The Deal is bound to have massive geopolitical ramification throughout the world. Although it’s quite a leap, the current geopolitical climate vaguely reminds one of pre-1979, when US used to be closer to Iran than Saudi Arabia. Of course, the ongoing Shale revolution in US further lessens US’ reliance on Saudi. If Iran keeps its end of the bargain, it could well find a coveted seat at the negotiations over Syria, which would further alienate Israel and Saudi from US. The Deal could be a boon for Iraq which is saddled with sectarian tensions. A combined thrust from P5+1 and Iran could well settle some major issues there. Already, Brent Crude prices have fallen by over $2. This could provide a huge breather to big oil importers such as China, Indian and Japan.  On the global scale, Russia has already started questioning4 NATO’s motives for the European missile defence shield, since the shield’s raison d’etre, a nuclear equipped Iran, now seems further than ever. Kerry’s response, “Nothing has changed at this point and I don't foresee it changing5,” clearly signals US intentions. Perhaps what the world needs to be most wary of now is a spooked out Saudi Arabia chasing nuclear weapons6, fearing that Iran now has the leeway to develop one of its own, right under the nose of world powers. This would not be a distant possibility if Iran fails to comply with this interim deal, or if a final agreement fails to place more stringent checks on Iran’s nuclear programme.

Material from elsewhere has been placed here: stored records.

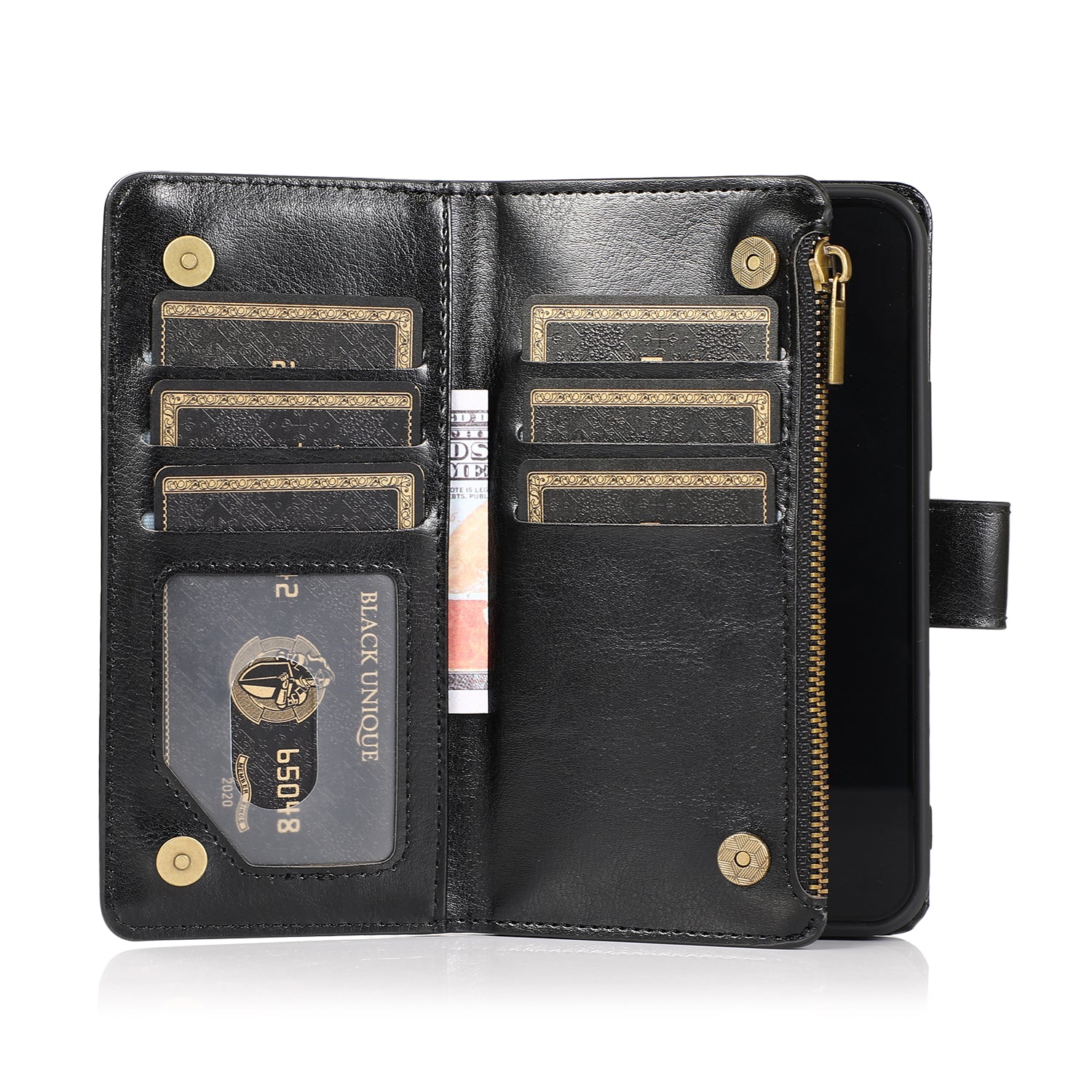 • Card slots holder combine 9 card slots and 1 transparent window for easy access to your ID card or photo.
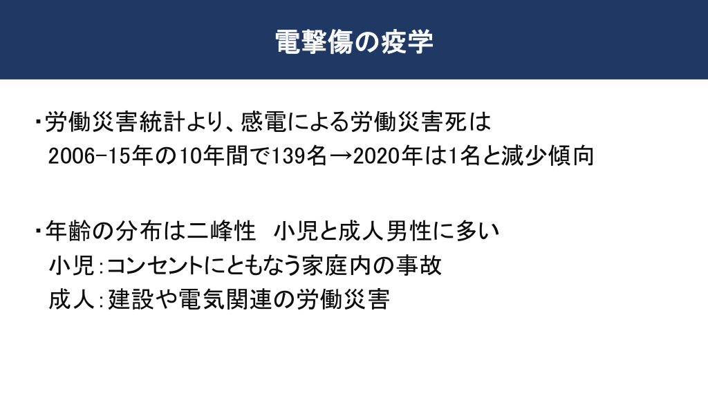#4. 電撃傷の疫学 ・労働災害統計より、感電による労働災害死は 2006-15年の10年間で139名→2020年は1名と減少傾向 ・年齢の分布は二峰性 小児と成人男性に多い 小児:コンセントにともなう家庭内の事故 成人:建設や電気関連の労働災害
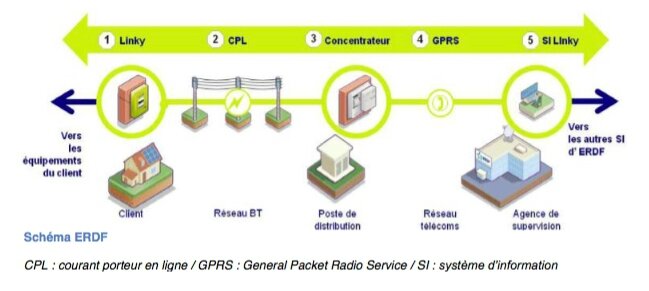 Les données transitent du compteur Linky vers les concentrateurs locaux (transformateurs), par courants porteurs, via le réseau électrique lui-même,.
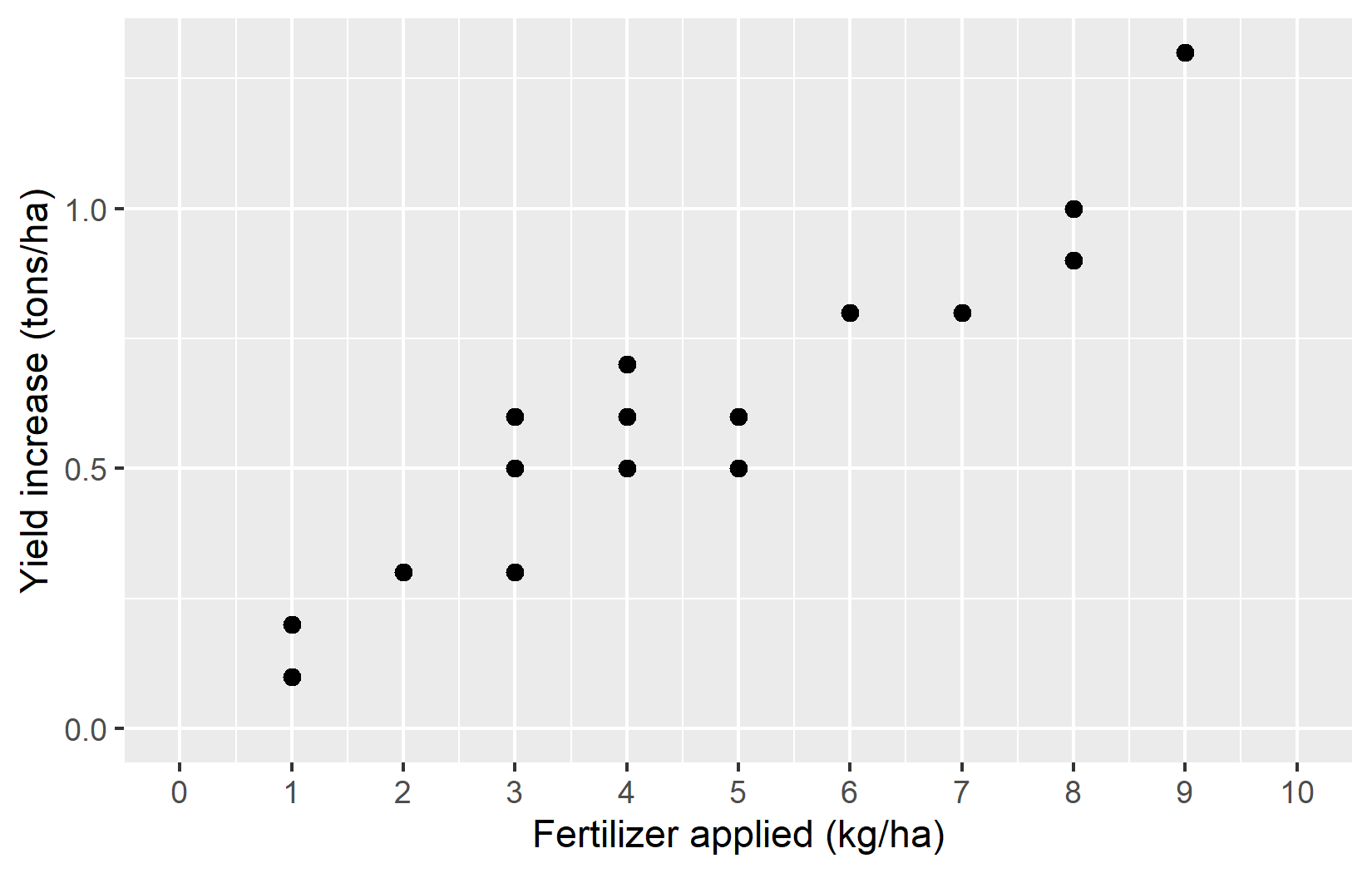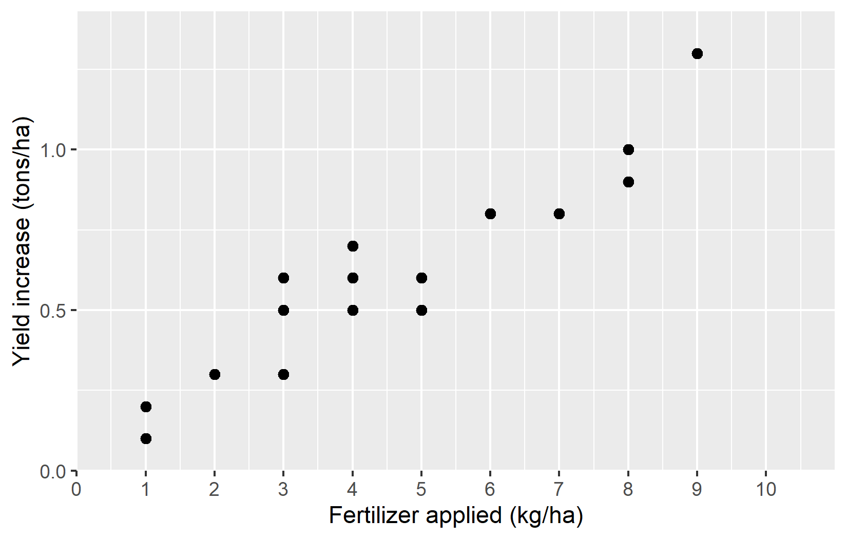 For this specific plot, one could argue that it does not make sense to show values below 0 - at least for the applied fertilizer, since it is not possible to apply a negative amount of fertilizer. However, even after setting the lower limit to 0, ggplot adds a bit of extra space below that limit. To prevent this default behaviour, we can use the expand argument. While we could just set expand = c(0, 0) to remove all extra space - both below the lower limit and above the upper limit - this not an elegant solution, as it would then no longer be enough space at the upper limit. Instead, using expand = expansion(mult = c(0, 0.1)) is usually a better solution, as it will add 0% extra space at the lower limit and 10% extra space at the upper limit. This way, we can ensure that the plot looks balanced and visually appealing. And while expand = expansion(mult = c(0, 0.1)) may seem cryptic, the good thing about is that it can be copy-pasted to other plots with the same issue of wanting no extra space below 0.
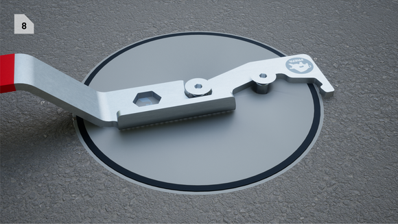 - Odpiranje pokrova z možnostjo zaklepanja (2 vijaka): S 6-mm notranjim šestrobim ključem odvijte vijaka za pribl. 1 cm, sredinski vijak vrtite naprej, dokler upora ni več čutiti, nato vstavite orodje za dvigovanje, ga zavrtite za 90° in dvignite navzven.
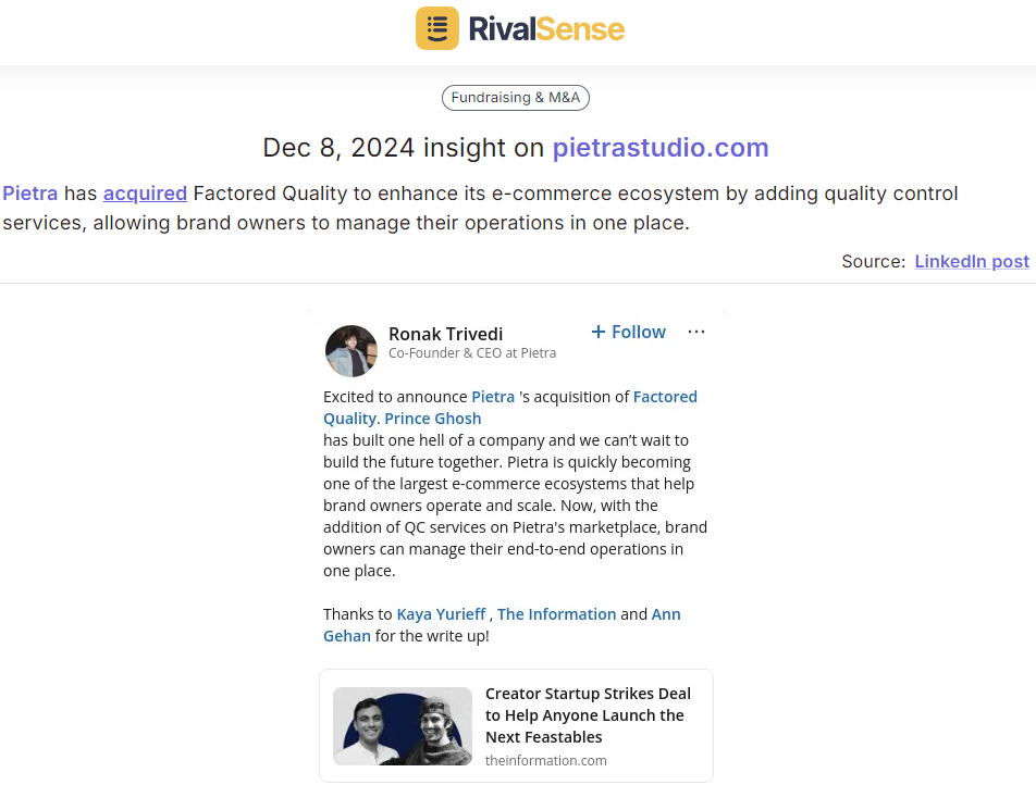 Prepare for changes in account dynamics triggered by company acquisitions. With RivalSense, you can analyze how this acquisition impacts their supply chain and pitch solutions to streamline their new operations.

It’s still debatable whether this deal recognizes Iran’s “inalienable right7” to Uranium enrichment for civil purposes, as mentioned in NPT, or if it places enough checks to prevent Iran from producing nuclear weapons. But what is clear is that this deal gives hope, the hope of a new world order where great countries don’t bay for each other’s blood and trade slanders such as “The Great Satan8” and “Axis of Evil.9” It gives hope of one less nuclear armed country, which would be in the benefit of all in the long term. Of course, this effort needs to be supplemented by a comprehensive deal where Iran is allowed to enrich Uranium only up to 5%, and, in Obama’s words, truly “cuts off Iran’s paths to a bomb.10” Almost certainly, Arak would have to be converted to a light water reactor to permanently cripple Iran’s capacity to make nuclear weapons. For all of this to come true, Rouhani would have to be utterly Machiavellian on home turf, pulling along both his aides and the extremist detractors. Obama has his task cut out too. He has to deal with an Israel-loving Congress which pushes for ever more sanctions. In the resolution of this most convoluted of disputes lies one of the greatest triumphs of diplomacy and humanity.